Of a similar vein is the after-image phenomenon that Blasco refers to in a number of his essays. This is the wonderful sensation of the optic nerve fooling the brain into seeing something that’s not there. Being in this exhibition is a little bit like looking at stills of after-images, all overlapping and merging into each other outwitting the eye and mind.



The wooden support structures that hold the works are both a practical and aesthetic consideration. Instead of a concealed and neat system we see this erratic plywood nest, jutting out at awkward angles. These exposed skeletons give the works architectural as well as sculptural qualities. They can also read like a wood-frame construction or scaffolding gone mad. This is perhaps a coincidental comment on the modus operandi of most arts enterprises: well-organised chaos.  



The more conceptual aspects of Blasco’s practice are his ideas on the significance of place and space and the influences of perception and memory. Sydney Interiors is like a visual essay on these themes. You can’t help but feel the sincerity and kindness that Blasco brings to these reconstructions of private places and shared spaces. He treats all the subjects with affection and sensitivity, giving as much attention to the modest and humble as he does the illustrious and ornate.



Some of the standouts include The Godess II, a panoramic interior of a grand old Valiant car resplendent in its original turquoise upholstery. Yellow Office is a fabulous fly-on-the-wall view of the power station that is Wayne Tunnicliffe’s desk. In comparison to the other works this one really bursts against the confines of its surface area. Groaning bookshelves bulge out at the viewer and hide Tunnicliffe under the abundance catalogues. 

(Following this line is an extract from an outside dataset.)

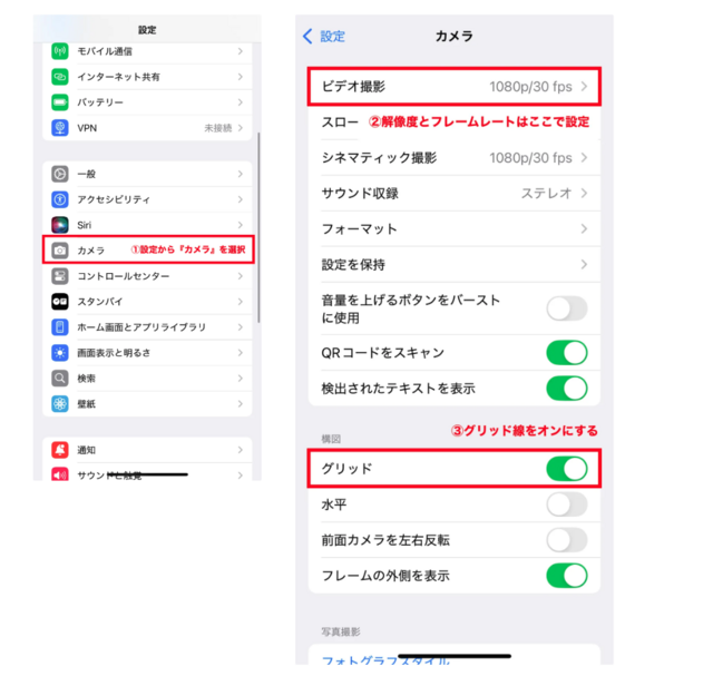 まずは、撮影前にスマートフォンのカメラ設定を確認しましょう。

Hibernian House is more accurate description of how most ‘creatives’ live, which usually is cramped, communal and fairly subsistent. This work is unwieldy in its assembly and juts out in all directions, aptly describing the nature of this creative residence that grants so many artists the ability to work and live in this frightfully expensive city.



Ultimately what Blasco’s work prompts us to think about is how and through what significance does a space turn into a place? Are places made through the tangible things they contain? Or are places made by the intangible memories and presence that we attach to them? And is a psychological and emotional sense of place what we need, rather than space itself?



This exhibition also illuminates the fact that how we see our world is entirely different from how others see it. We use perception and memory as primary tools to build the framework that becomes our reality. The idiom that it is perception not truth that matters is perhaps the most fitting summary of Blasco’s works in Sydney Interiors.



And in art as in life, perception is everything.